Required from the data below: the exact lines starting at the line containing "Visit Proof |" and ending at the line containing "Elegante, resistente e", with both ends kept and all pictures dropped.
====== Provided data
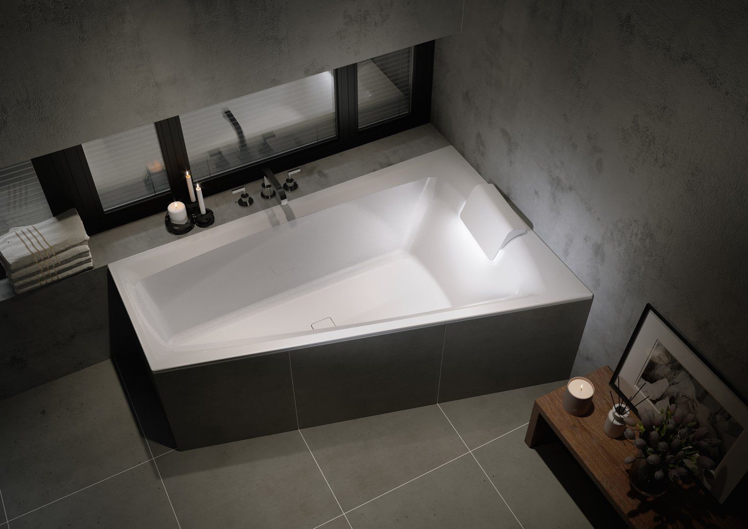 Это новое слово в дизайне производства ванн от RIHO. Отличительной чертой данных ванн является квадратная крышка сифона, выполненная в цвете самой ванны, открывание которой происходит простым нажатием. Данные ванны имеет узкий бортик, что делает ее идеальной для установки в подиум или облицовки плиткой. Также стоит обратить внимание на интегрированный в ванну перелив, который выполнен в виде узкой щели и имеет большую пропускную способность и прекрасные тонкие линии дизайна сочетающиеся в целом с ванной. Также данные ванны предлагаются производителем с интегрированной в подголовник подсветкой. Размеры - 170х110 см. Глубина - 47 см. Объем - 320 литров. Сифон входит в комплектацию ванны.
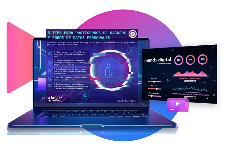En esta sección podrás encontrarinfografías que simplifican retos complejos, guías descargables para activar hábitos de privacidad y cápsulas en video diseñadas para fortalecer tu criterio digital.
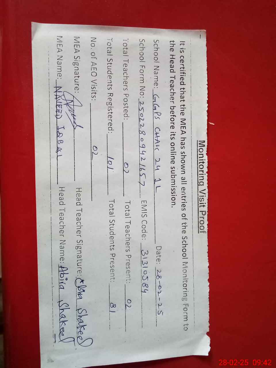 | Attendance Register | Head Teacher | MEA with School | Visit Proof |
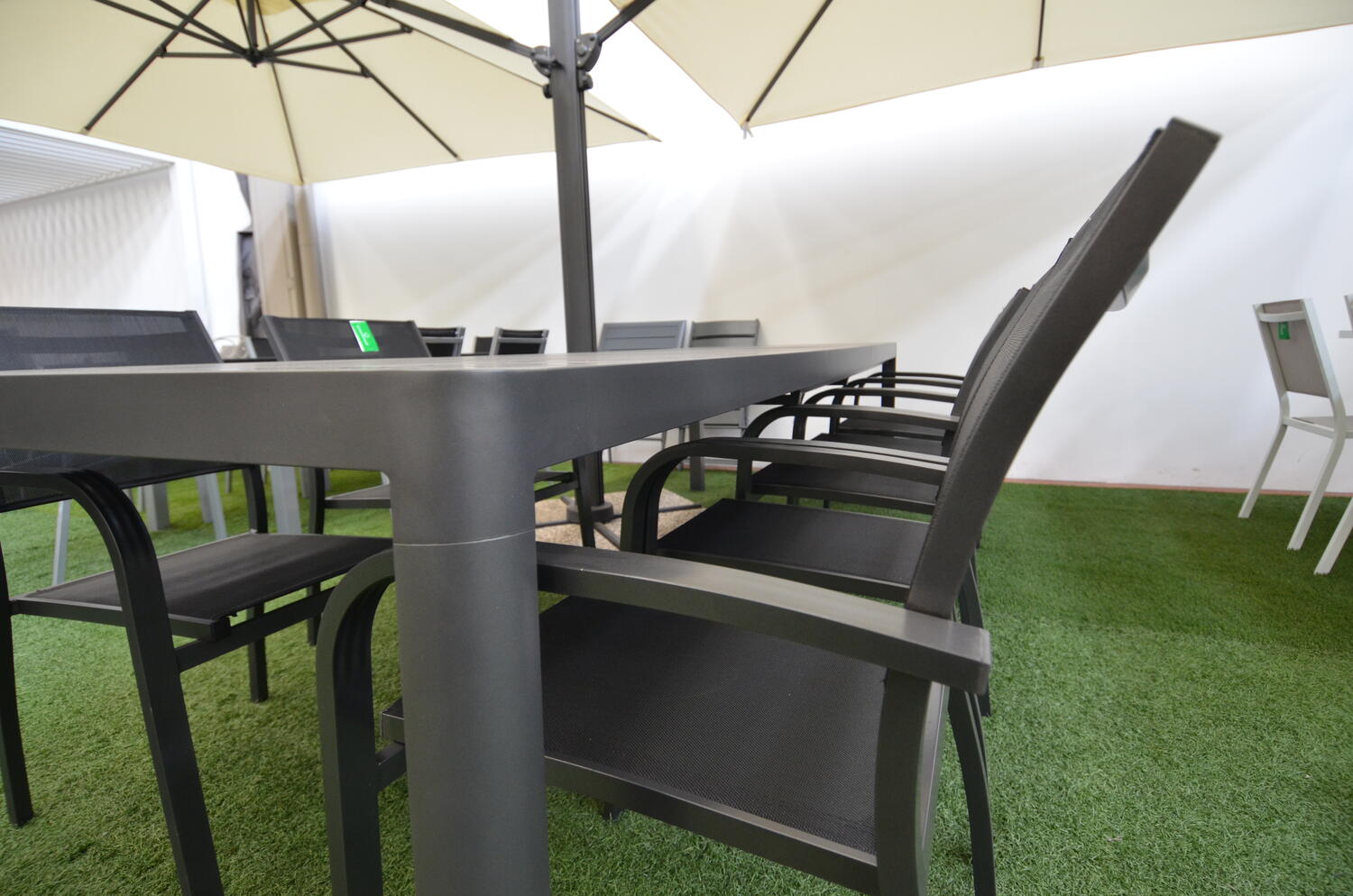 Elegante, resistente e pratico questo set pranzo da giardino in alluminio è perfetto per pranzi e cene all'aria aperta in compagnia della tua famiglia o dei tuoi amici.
============
====== Provided data
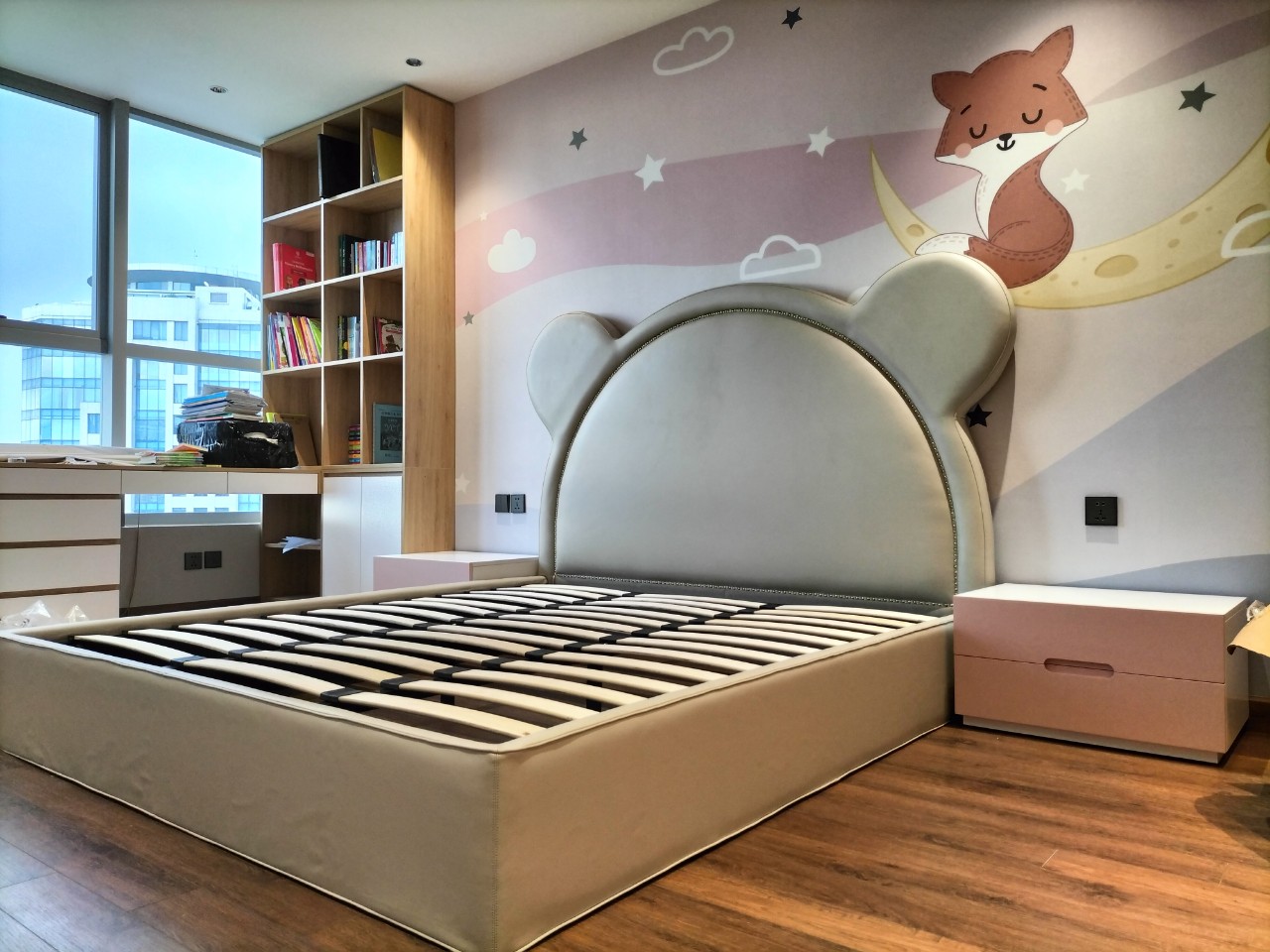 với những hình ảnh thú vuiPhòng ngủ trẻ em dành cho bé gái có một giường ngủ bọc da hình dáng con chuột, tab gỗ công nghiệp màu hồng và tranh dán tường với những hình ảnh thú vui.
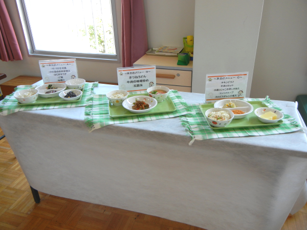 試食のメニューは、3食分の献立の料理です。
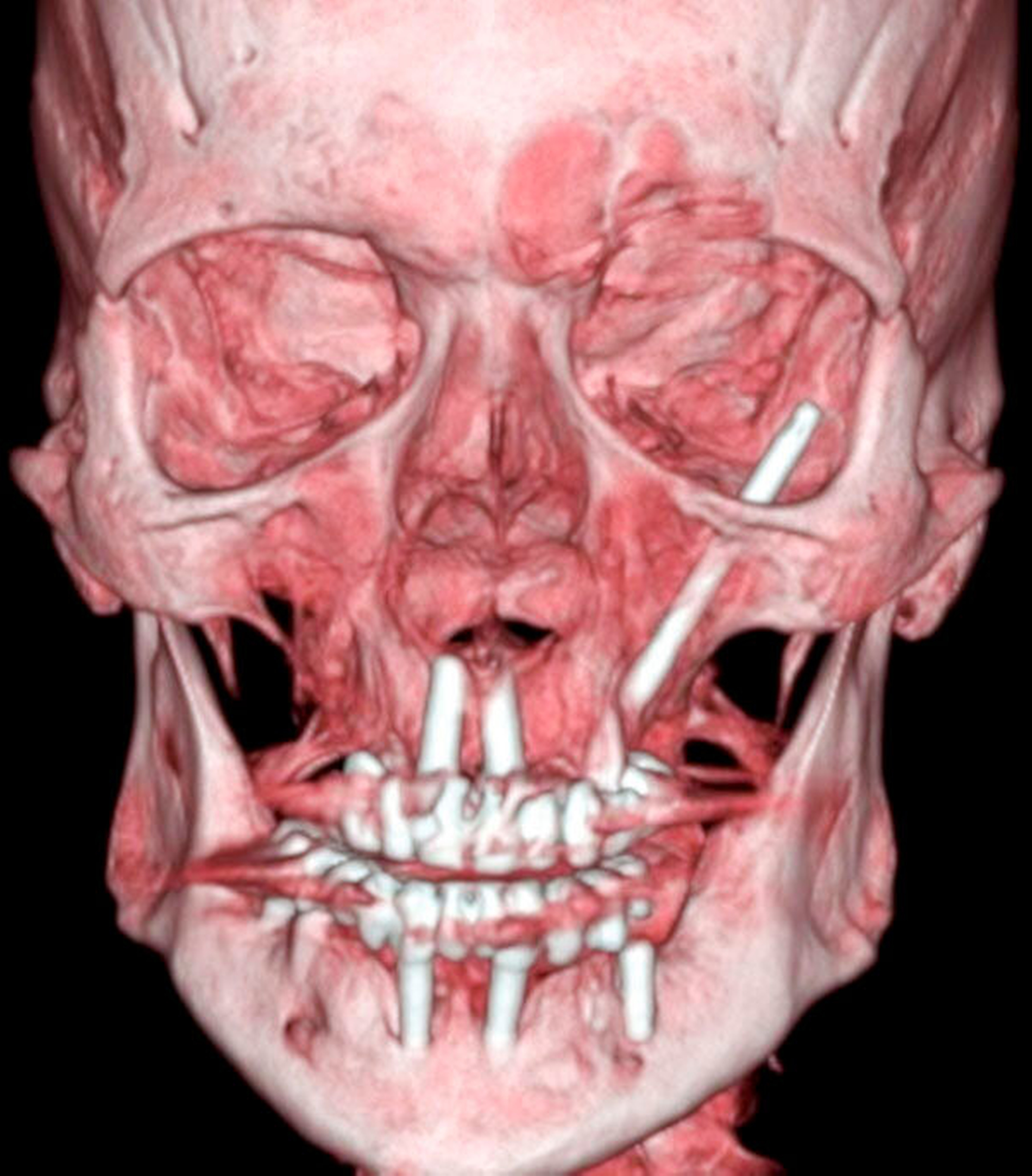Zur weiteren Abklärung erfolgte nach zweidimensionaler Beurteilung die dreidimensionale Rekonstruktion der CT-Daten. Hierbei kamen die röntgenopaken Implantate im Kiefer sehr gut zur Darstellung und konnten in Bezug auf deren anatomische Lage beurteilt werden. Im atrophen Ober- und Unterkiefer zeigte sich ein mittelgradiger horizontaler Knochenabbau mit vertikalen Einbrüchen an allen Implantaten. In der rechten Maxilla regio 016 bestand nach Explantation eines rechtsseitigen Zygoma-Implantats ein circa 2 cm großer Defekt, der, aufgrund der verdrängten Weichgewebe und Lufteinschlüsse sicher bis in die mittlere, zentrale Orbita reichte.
============
_Answer:_
 | Attendance Register | Head Teacher | MEA with School | Visit Proof |
 Elegante, resistente e pratico questo set pranzo da giardino in alluminio è perfetto per pranzi e cene all'aria aperta in compagnia della tua famiglia o dei tuoi amici.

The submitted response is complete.